We'll drop columns that are unlikely to contribute to the model's prediction, such as Name, Ticket, and PassengerId.

In [22]:
# Drop unnecessary columns
tested.drop(['Name', 'Ticket', 'PassengerId'], axis=1, inplace=True)

# Display the final dataset after preprocessing
tested.head()

Unnamed: 0,Survived,Pclass,Sex,Age,Fare,Embarked,FamilySize
0,0,3,1,0.386231,-0.497413,Q,0
1,1,3,0,1.37137,-0.512278,S,1
2,0,2,1,2.553537,-0.4641,Q,0
3,0,3,1,-0.204852,-0.482475,S,0
4,1,3,0,-0.598908,-0.417492,S,2


## Save Preprocessed Data

Finally, we save the preprocessed dataset as a new CSV file, which we can use for model training.

In [25]:
tested.to_csv('tested_preprocessed.csv', index=False)

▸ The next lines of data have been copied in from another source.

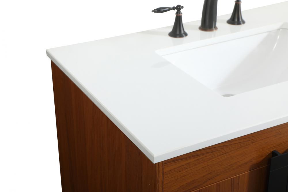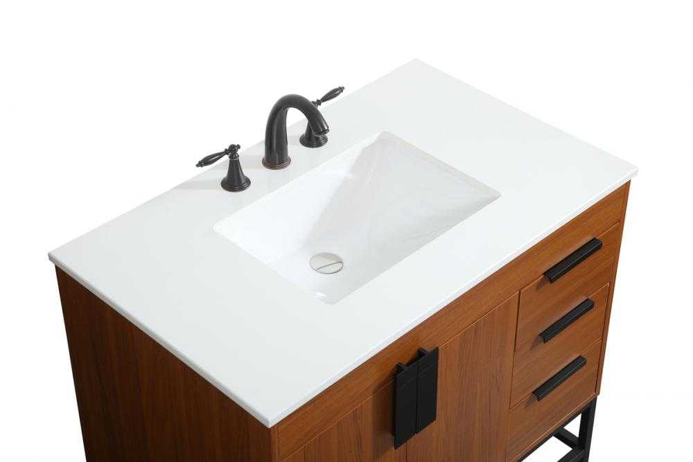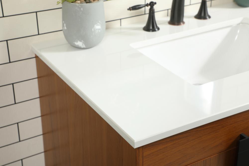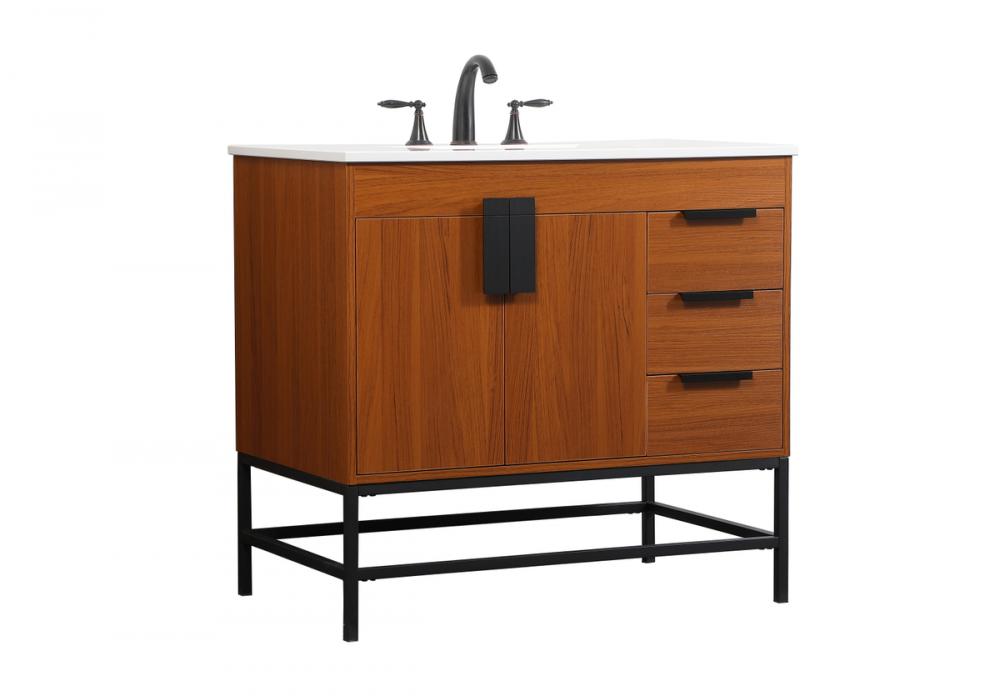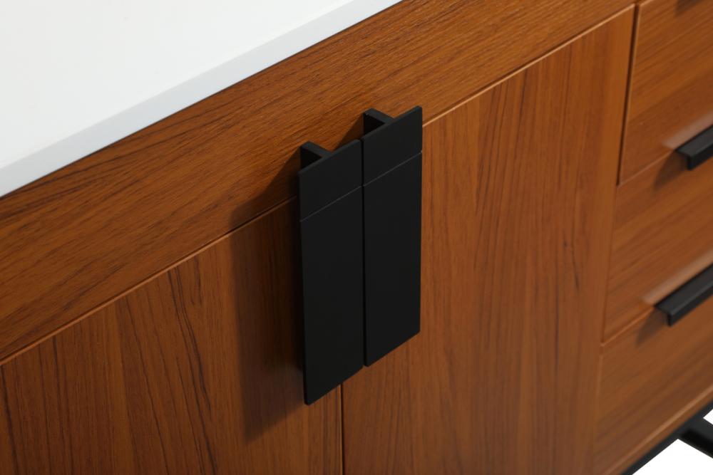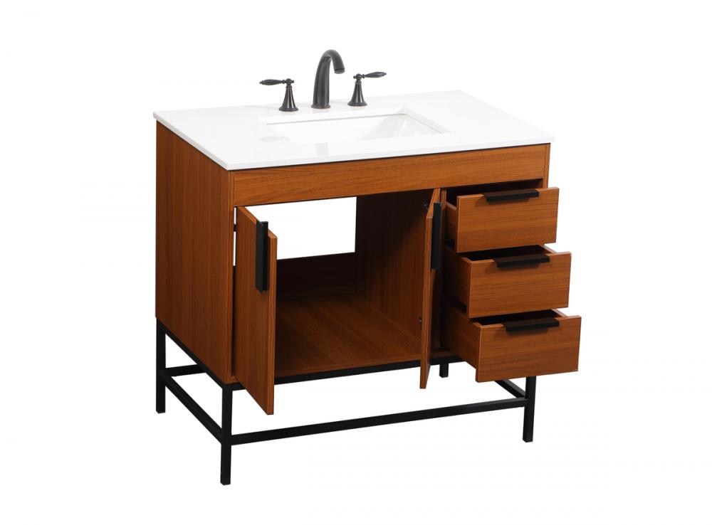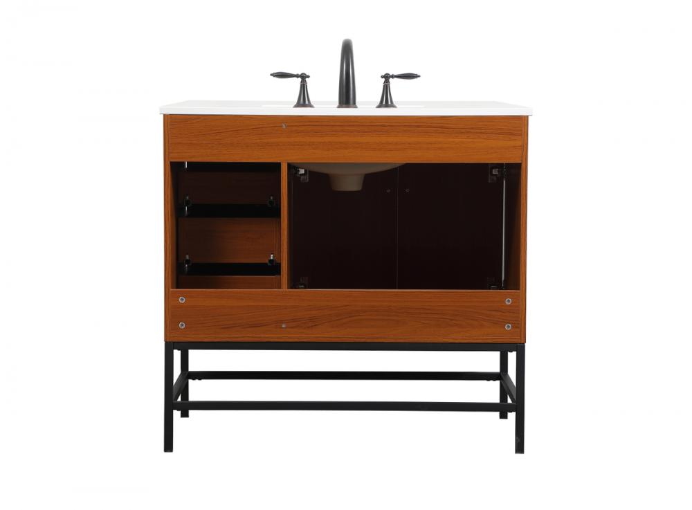 This vanity is a sleek-looking piece of bathroom furniture that is easy to incorporate into your design scheme. The cabinet features a smooth door panel with an oversized steel handle and soft close hinges provide ample room for accessories. Constructed of engineered wood, the powder-coated metal rod legs are an urban industrial look that we love. Minor assembly of the metal legs needed to get this vanity up and running.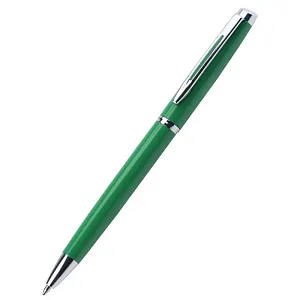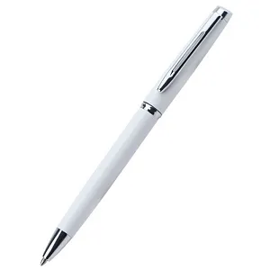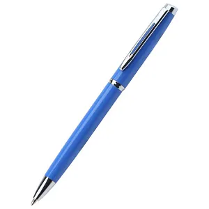 Металлическая шариковая ручка с матовой поверхностью, металлическим клипом, металлическим наконечником и кнопкой с глянцевой серебристой отделкой, прорезиненным ободом для сенсорного регулирования.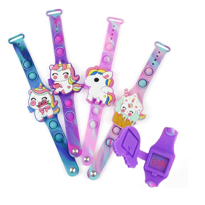 2022 contatore display tempo digitale chiuso flip led silicone unicorn push pop bubble fidget bracelet pop itting watch per bambini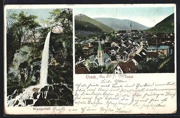 AK Urach, Teilansicht der Ortschaft, Wasserfall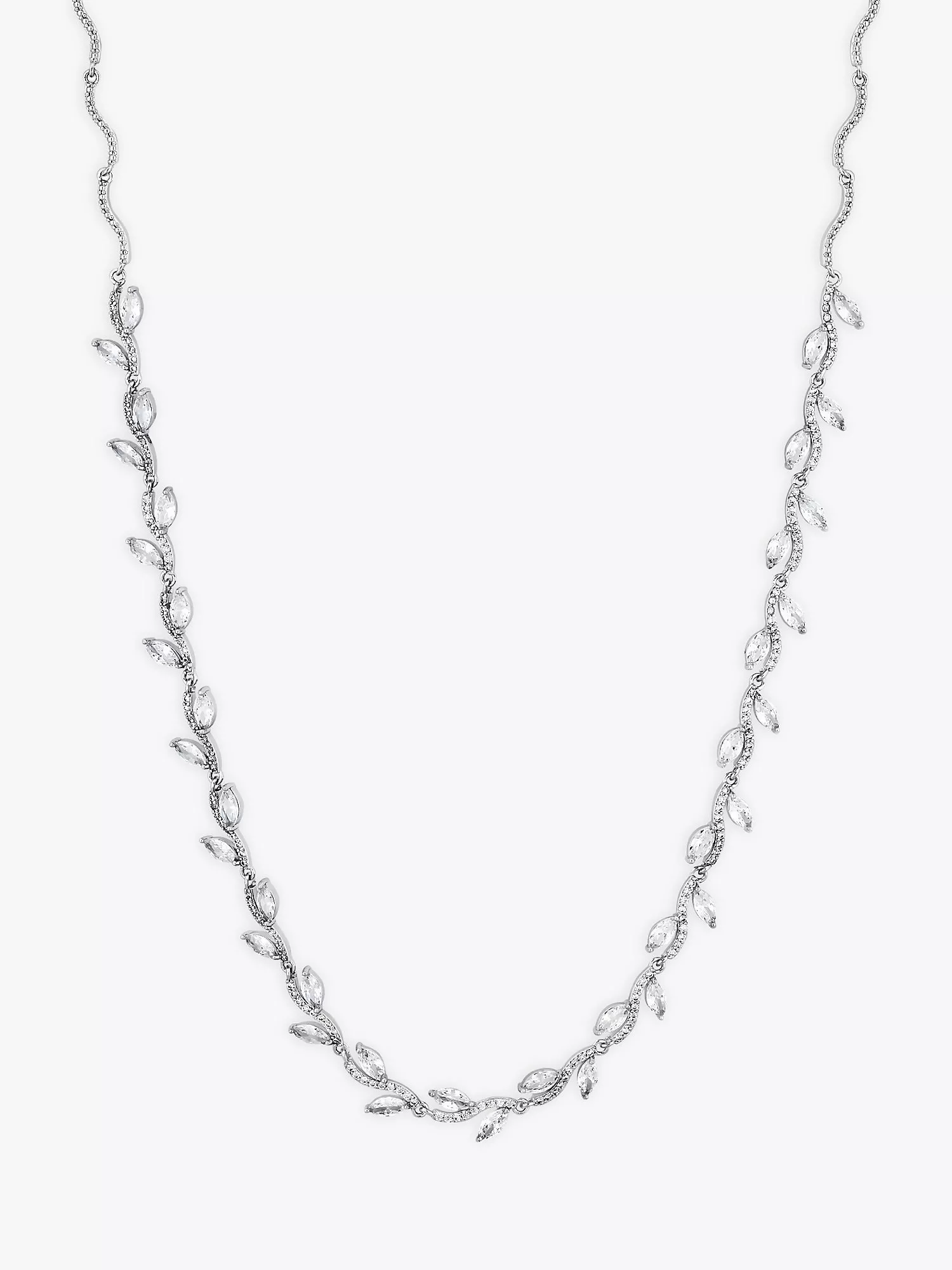 This Jon Richard wave leaf necklace is a simply stunning choice for any bride looking for sophisticated elegance. Inspired by nature, the necklace has a wavy design encrusted with pave set gems and adorned on either side with cubic zirconia charms that resemble leaves. Pair with the matching bracelet and earrings to complete the look.
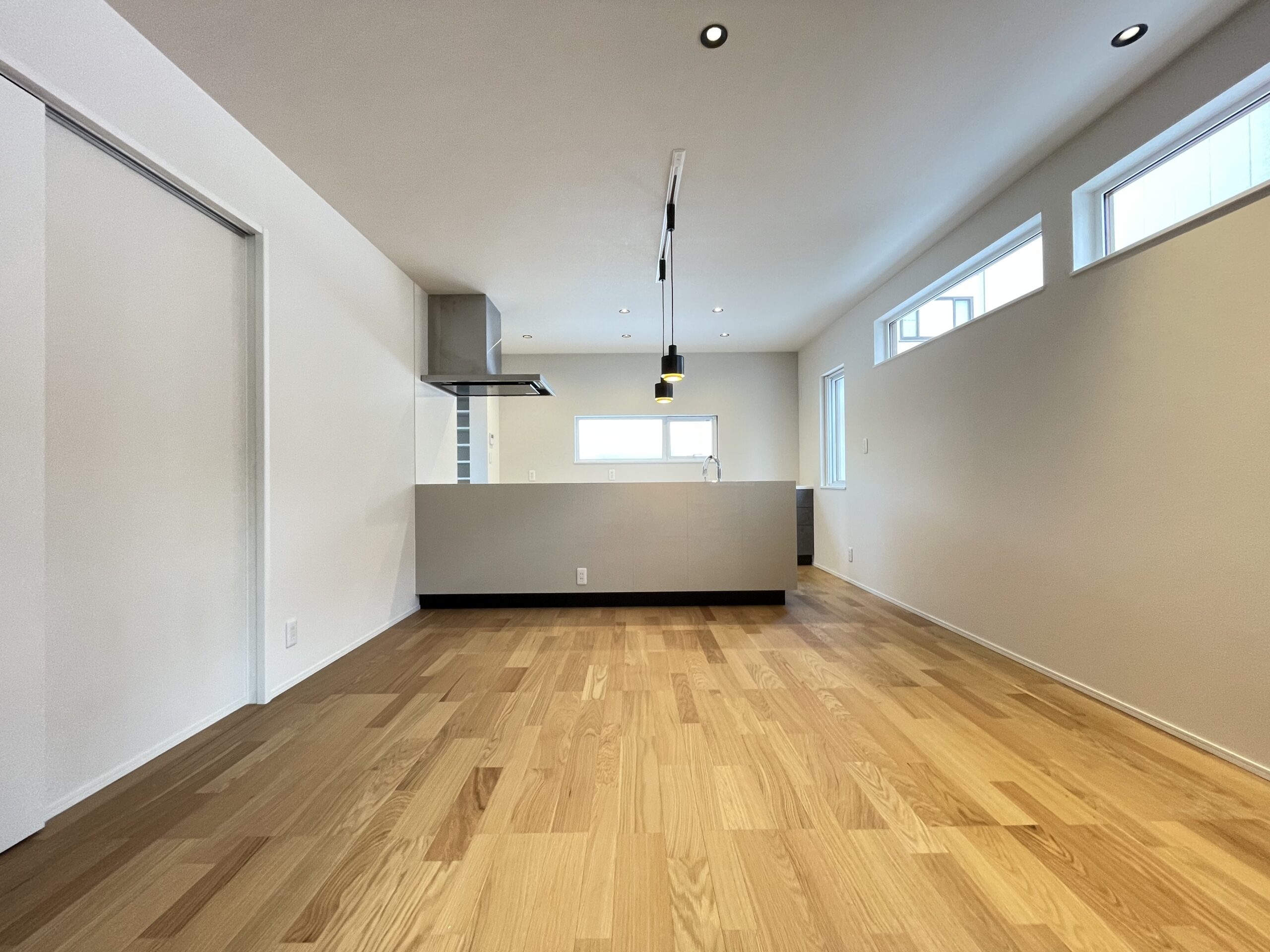 シンプルで高級感のあるスッキリとしたリビング。 窓は上に設置することで、人目が気にならない設計に。

# Display the shape of the preprocessed dataset
tested.shape

(418, 7)

## Conclusion
In this notebook, we performed the following preprocessing steps:

- Handled missing values in the dataset.

- Encoded categorical variables (Sex, Embarked).

- Created a new feature FamilySize.

- Normalized numerical features (Age, Fare).

- Dropped unnecessary columns (Name, Ticket, PassengerId).

The preprocessed dataset is now ready for building machine learning models.